Ho incontrato Luca Trevisani a Chicago poche settimane fa: ha presentato in anteprima mondiale il suo ultimo film, Sudan, prodotto dallo Schermo dell’Arte e invitato dall’Istituto Italiano di Cultura in occasione dell’Expo, la fiera dell’arte. Sudan, che sarà proiettato in anteprima europea a Firenze a fine novembre, racconta l’ultimo rinoceronte maschio della sua specie attraverso la descrizione minuziosa della sua carne, della sua storia e della cura che gli viene data e con rimandi storico culturali su arte e natura. Così, in vista di un suo momentaneo rientro in Italia per la personale da Marsèlleria – dal 27 ottobre al 25 novembre -, di cui l’ultimo film rappresenta il focus (ma si potrà vedere soltanto dal 23 novembre), gli abbiamo fatto un’intervista. Luca si racconta attraverso la poetica delle sue azioni quotidiane, tralasciando il suo percorso, soprattutto quello passato su cui tace ostinato, chiudendosi bartlebianamente in un I would prefer not.
ZERO: Luca, partiamo dal progetto più fresco che hai sviluppato: sei contento di esporre a Milano delle tracce di un’esperienza forte come quella del Kenya? Non è la prima volta che lavori con Marselleria, significa che ti sei trovato bene? Come vi siete conosciuti?
Luca Trevisani: Il Kenya è stato un’esperienza molto forte, e sono molto contento di aver avuto con me Giovanna Silva, Davide Giannella, Gianluigi Ricuperati e la mia troupe.
Marsèlleria è la piccola Kunstverein di Milano, e Mirko Rizzi ha un’energia vulcanica, non è difficile finire nelle trame di quel che accade in Via Paullo e in Via Rezia. Facile che quindi molta della Milano e dell’Italia di qualità siano passate in queste stanze.
Tanti anni fa curai una piccola mostra su suo invito, ma ti mentirei se ti dicessi che mi ricordo come mi contattò… era la prima o la seconda mostra di Marsèlleria, sono trascorsi diversi anni luce, poi negli anni ci siamo seguiti a distanza, ho sempre apprezzato il suo sostegno incondizionato verso gli artisti in cui crede, a Milano come a Bologna per Live Arts Week con Xing, e dio sa dov’altro.
Vorrei ritracciare il tuo percorso. Non per metterti alla prova, ma per chiarire quel pensiero molto italiano che un artista deve classificare la propria opera assolutamente in un unico media, senza mai poter cambiare. Chi fa performance deve fare solo quello; chi fa il pittore deve dipingere e basta; e così via. Tu hai avuto un esordio nell’arte contemporanea già in prima linea da molto giovane lavorando per una galleria privata, ed eri riconoscibile per opere prettamente scultoree. Poi il tuo linguaggio si è velocemente ampliato con installazioni visive, film, materiale fotografico. Mi racconti questa evoluzione?
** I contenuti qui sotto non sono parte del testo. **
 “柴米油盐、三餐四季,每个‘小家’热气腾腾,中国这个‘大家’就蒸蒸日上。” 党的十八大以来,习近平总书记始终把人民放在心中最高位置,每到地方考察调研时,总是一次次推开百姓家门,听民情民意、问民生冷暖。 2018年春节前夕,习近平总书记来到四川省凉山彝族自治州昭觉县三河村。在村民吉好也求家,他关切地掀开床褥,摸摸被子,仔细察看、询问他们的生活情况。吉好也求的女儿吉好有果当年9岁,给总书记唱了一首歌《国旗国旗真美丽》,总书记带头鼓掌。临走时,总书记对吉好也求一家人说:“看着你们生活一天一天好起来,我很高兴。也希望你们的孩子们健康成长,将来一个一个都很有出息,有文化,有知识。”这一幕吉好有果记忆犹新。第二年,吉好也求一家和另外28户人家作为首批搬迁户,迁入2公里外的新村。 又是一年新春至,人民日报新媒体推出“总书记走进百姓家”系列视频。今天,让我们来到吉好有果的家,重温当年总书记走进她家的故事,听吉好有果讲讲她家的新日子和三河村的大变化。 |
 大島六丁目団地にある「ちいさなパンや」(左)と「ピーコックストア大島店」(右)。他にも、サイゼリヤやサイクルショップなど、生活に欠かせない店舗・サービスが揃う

Cambio rimanendo me stesso. L’evoluzione non è nella variazione, o nelle novità, ma in profondità: ho lavorato portando alle logiche conseguenze ciò che avevo iniziato a fare una dozzina di anni fa. Se guardi il mio lavoro nella sua logica trasformazione vedi che si sono aggiunti o si sono modificati gli strumenti, i modi, ma gli interessi, gli atteggiamenti e le cose da dire sono rimasti sempre le stesse. Scrivo, faccio sculture di due dimensioni lavorando con lo scanner e la fotografia, sculture di tre dimensioni con materiali effimeri e meno effimeri, e sculture di quattro dimensioni con i video e film.
Hai vinto diversi Premi e residenze in Italia, come il Furla o, l’anno scorso, l’ArteVisione con il film Cerchio in Europa e il mondiale New York Prize. Che premi hai vinto? E a quali residenze hai partecipato? Credi che siano state utili queste esperienze sia a livello umano, che lavorativo? E per quanto riguarda il sistema?
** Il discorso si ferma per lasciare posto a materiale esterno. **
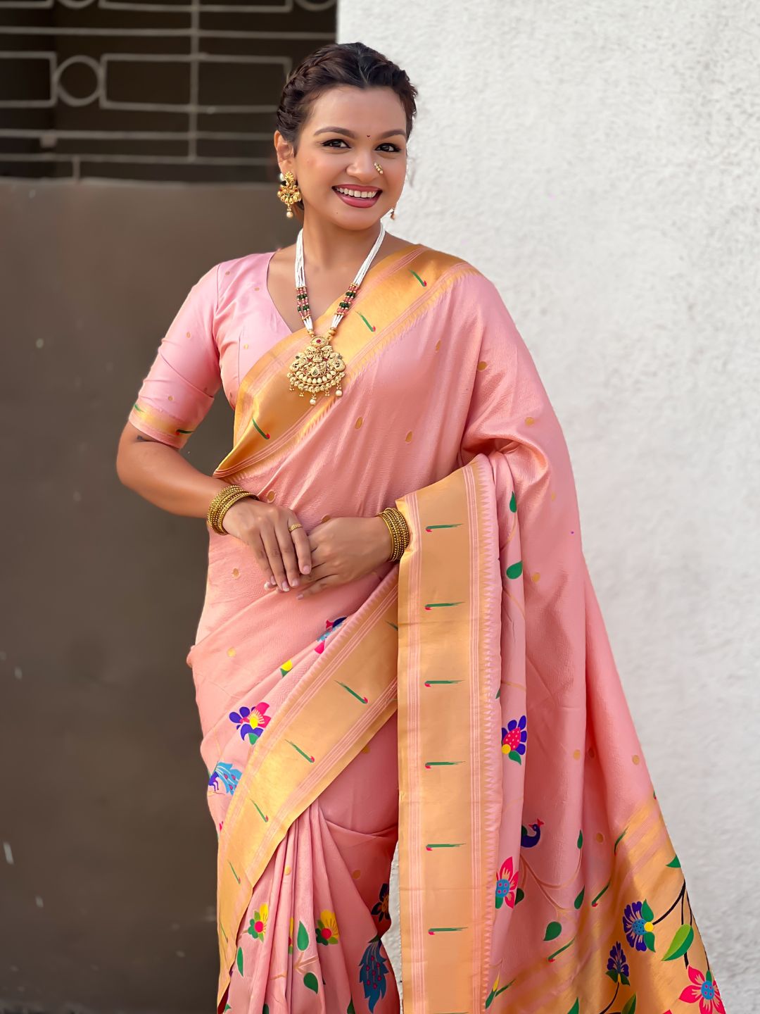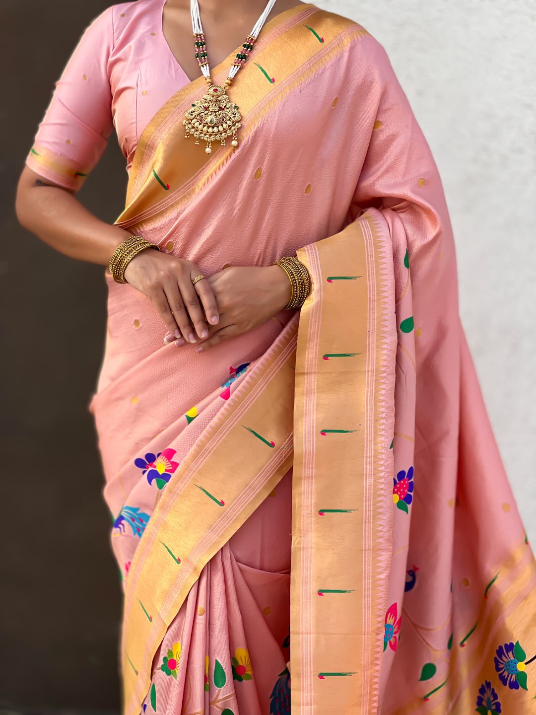 Baby Pink Pastel Zari Woven Peacock Lotus Paithani Silk Saree

I premi vanno bene se li usi per guadagnare sicurezza in quel che fai. Alla fine questa non è una gara, e se proprio lo è allora è una maratona. A ognuno i suoi 42 km e a ognuno il suo ritmo, corriamo solo contro noi stessi
Quando ti ho conosciuto eri in residenza al Bethanien a Berlino. E ora vivi ancora lì? Ci sei rimasto da allora o ci sei tornato per viverci definitivamente?
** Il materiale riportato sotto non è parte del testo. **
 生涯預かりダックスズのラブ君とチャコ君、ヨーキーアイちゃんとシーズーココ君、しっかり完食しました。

Definitivamente non mi si addice, diciamo così. Vivo a Berlino si, ma insegno a Venezia allo Iuav, e rimbalzo e rotolo tra un mostre e progetti passando spesso da Milano, e da Palermo. Vivo un po’ qui un po’ la. E accumulo libri in quasi ogni tappa.
10 anni fa Berlino era una super meta per artisti, critici, curatori e appassionati d’arte. Lo è ancora, ma ha la stessa vitalità? Quali sono le differenze – lavorativamente parlando – tra la e qua, l’Italia? E, da borderline perché stai in Germania, come la vedi Milano dal punto di vista del contemporaneo?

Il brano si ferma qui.